The trial wave function can be expanded in the eigenstates of the hamiltonian since they form a complete set, viz.,

$$ \Psi_T(\boldsymbol{R})=\sum_i a_i\Psi_i(\boldsymbol{R}), $$

and assuming the set of eigenfunctions to be normalized one obtains

$$ \frac{\sum_{nm}a^*_ma_n \int d\boldsymbol{R}\Psi^{\ast}_m(\boldsymbol{R})H(\boldsymbol{R})\Psi_n(\boldsymbol{R})} {\sum_{nm}a^*_ma_n \int d\boldsymbol{R}\Psi^{\ast}_m(\boldsymbol{R})\Psi_n(\boldsymbol{R})} =\frac{\sum_{n}a^2_n E_n} {\sum_{n}a^2_n} \ge E_0, $$

where we used that $H(\boldsymbol{R})\Psi_n(\boldsymbol{R})=E_n\Psi_n(\boldsymbol{R})$. In general, the integrals involved in the calculation of various expectation values are multi-dimensional ones. The variational principle yields the lowest state of a given symmetry.

Quantum Monte Carlo Motivation

In most cases, a wave function has only small values in large parts of configuration space, and a straightforward procedure which uses homogenously distributed random points in configuration space will most likely lead to poor results. This may suggest that some kind of importance sampling combined with e.g., the Metropolis algorithm may be a more efficient way of obtaining the ground state energy. The hope is then that those regions of configurations space where the wave function assumes appreciable values are sampled more efficiently.

Quantum Monte Carlo Motivation

The tedious part in a VMC calculation is the search for the variational minimum. A good knowledge of the system is required in order to carry out reasonable VMC calculations. This is not always the case, and often VMC calculations serve rather as the starting point for so-called diffusion Monte Carlo calculations (DMC). DMC is a way of solving exactly the many-body Schroedinger equation by means of a stochastic procedure. A good guess on the binding energy and its wave function is however necessary. A carefully performed VMC calculation can aid in this context.

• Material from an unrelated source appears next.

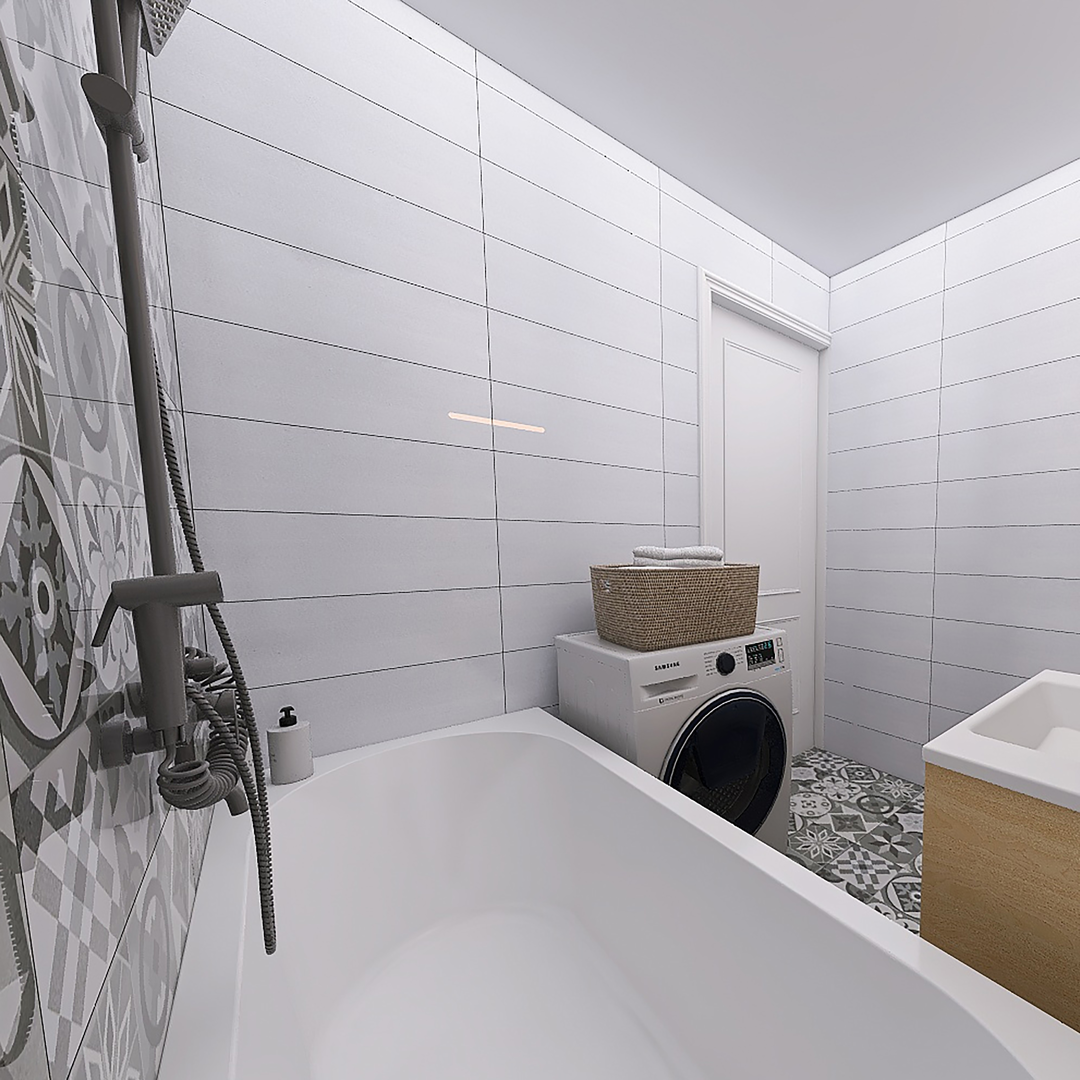 Na ostalim zidovima nalaze se pločice Opal Blanco 20×60. Prilikom oblaganja podova i zidova keramikom kao spojno sredstvo preporučujemo lepak Adesilex, koji proizvodi Mapei iz Italije. Ove pločice pripadaju španskom brendu Balkania. Od kupatilskog nameštaja tu su ormarić sa Latte DB sa umivaonikom Arte i ogledalo, koje je takođe iz serije Latte DB. Ovaj nameštaj proizvodi turski brend Denko Banyo. Baterija za umivaonik je iz serije Aroha, i nju proizvodi španski proizvođač Galindo. Pored ormarića sa umivaonikom nalazi se akrilna kada Roma 170x70cm koja dolazi u kompletu sa oblogama i postoljem i proizvodi je Polyagram iz Srbije. Iznad kade se nalazi jedan usponski tuš BGQ iz ABR-ove ponude. Horizontalni bojler Talas od 80 litara, nalazi se iznad kade, i njega proizvodi Elit Inox iz Čačka. Na drugoj strani kupatila nalazi se monoblok Duru sa WC daskom Duru, koja ima sistem sa sporim spuštanjem (soft close). Oba proizvoda pripadaju turskom brendu CeraStyle. Kupatilska galanterija je iz našeg online Web Shop-a.

Quantum Monte Carlo Motivation

• Construct first a trial wave function $\psi_T(\boldsymbol{R},\boldsymbol{\alpha})$, for a many-body system consisting of $N$ particles located at positions

$\boldsymbol{R}=(\boldsymbol{R}_1,\dots ,\boldsymbol{R}_N)$. The trial wave function depends on $\alpha$ variational parameters $\boldsymbol{\alpha}=(\alpha_1,\dots ,\alpha_M)$.

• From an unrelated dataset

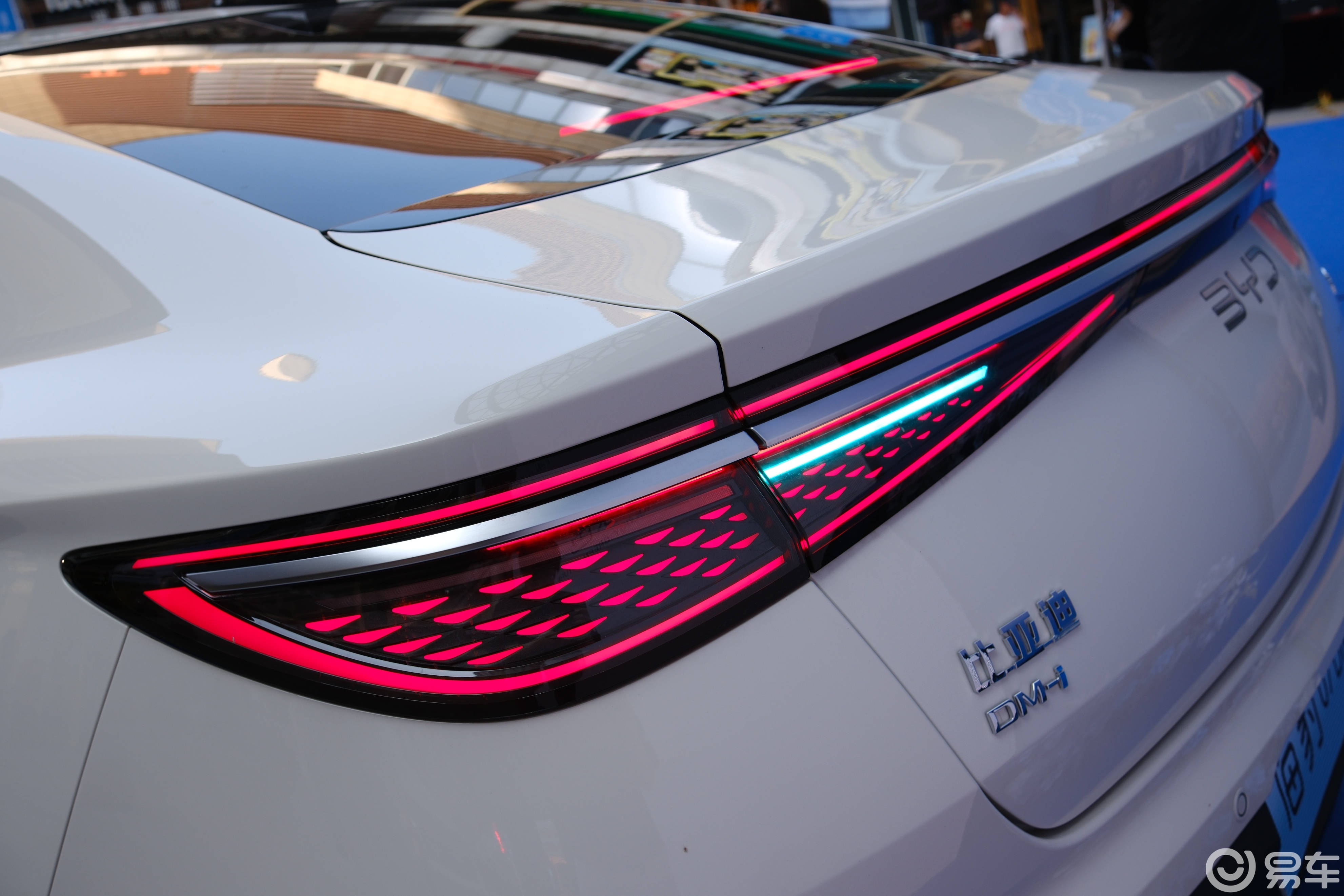 2026款海豹 07DM-i 完美传承海洋网家族设计语言,前脸采用 “驭风斩浪” 造型,三条横向饰条构成的 “海浪无界格栅” 呈 “八” 字形展开,搭配封闭式 EV 前脸,视觉上拉宽车身比例的同时彰显新能源身份。

• Then we evaluate the expectation value of the hamiltonian $H$

$$ E[H]=\langle H \rangle = \frac{\int d\boldsymbol{R}\Psi^{\ast}_{T}(\boldsymbol{R},\boldsymbol{\alpha})H(\boldsymbol{R})\Psi_{T}(\boldsymbol{R},\boldsymbol{\alpha})} {\int d\boldsymbol{R}\Psi^{\ast}_{T}(\boldsymbol{R},\boldsymbol{\alpha})\Psi_{T}(\boldsymbol{R},\boldsymbol{\alpha})}. $$

• Thereafter we vary $\alpha$ according to some minimization algorithm and return to the first step.

Quantum Monte Carlo Motivation

Basic steps.

Choose a trial wave function $\psi_T(\boldsymbol{R})$.

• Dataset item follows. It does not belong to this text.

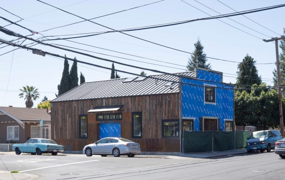 Heading back towards downtown I wandered down Maple Street and was delighted to see the progress being made on the transformation of the old Schroeder Sheet Metal, Inc. shop. Until very recently Schroeder’s, which was located at the corner of Maple and Hilton, made gutters, installed heating and air-conditioning systems, installed skylights, and repaired furnaces. Their classic old building, which sits in a heavily residential area, is being converted into a single-family home. The architect wisely preserved the shape of the original building but has replaced the building’s sheet metal exterior with lovely old barn wood and, along the bottom of the exterior walls and around at least one door, steel plates. When finished this house is going to look terrific:

$$ P(\boldsymbol{R})= \frac{\left|\psi_T(\boldsymbol{R})\right|^2}{\int \left|\psi_T(\boldsymbol{R})\right|^2d\boldsymbol{R}}. $$

This is our new probability distribution function (PDF). The approximation to the expectation value of the Hamiltonian is now

$$ E[H(\boldsymbol{\alpha})] = \frac{\int d\boldsymbol{R}\Psi^{\ast}_T(\boldsymbol{R},\boldsymbol{\alpha})H(\boldsymbol{R})\Psi_T(\boldsymbol{R},\boldsymbol{\alpha})} {\int d\boldsymbol{R}\Psi^{\ast}_T(\boldsymbol{R},\boldsymbol{\alpha})\Psi_T(\boldsymbol{R},\boldsymbol{\alpha})}. $$

Quantum Monte Carlo Motivation

Define a new quantity

$$ E_L(\boldsymbol{R},\boldsymbol{\alpha})=\frac{1}{\psi_T(\boldsymbol{R},\boldsymbol{\alpha})}H\psi_T(\boldsymbol{R},\boldsymbol{\alpha}), \label{eq:locale1} \tag{1} $$

called the local energy, which, together with our trial PDF yields

$$ E[H(\boldsymbol{\alpha})]= = \int P(\boldsymbol{R})E_L(\boldsymbol{R}) d\boldsymbol{R}\approx \frac{1}{N}\sum_{i=1}^NP(\boldsymbol{R_i},\boldsymbol{\alpha})E_L(\boldsymbol{R_i},\boldsymbol{\alpha}) \label{eq:vmc1} \tag{2} $$

with $N$ being the number of Monte Carlo samples.

Quantum Monte Carlo

The Algorithm for performing a variational Monte Carlo calculations runs thus as this

• Initialisation: Fix the number of Monte Carlo steps. Choose an initial $\boldsymbol{R}$ and variational parameters $\alpha$ and calculate $\left|\psi_T^{\alpha}(\boldsymbol{R})\right|^2$.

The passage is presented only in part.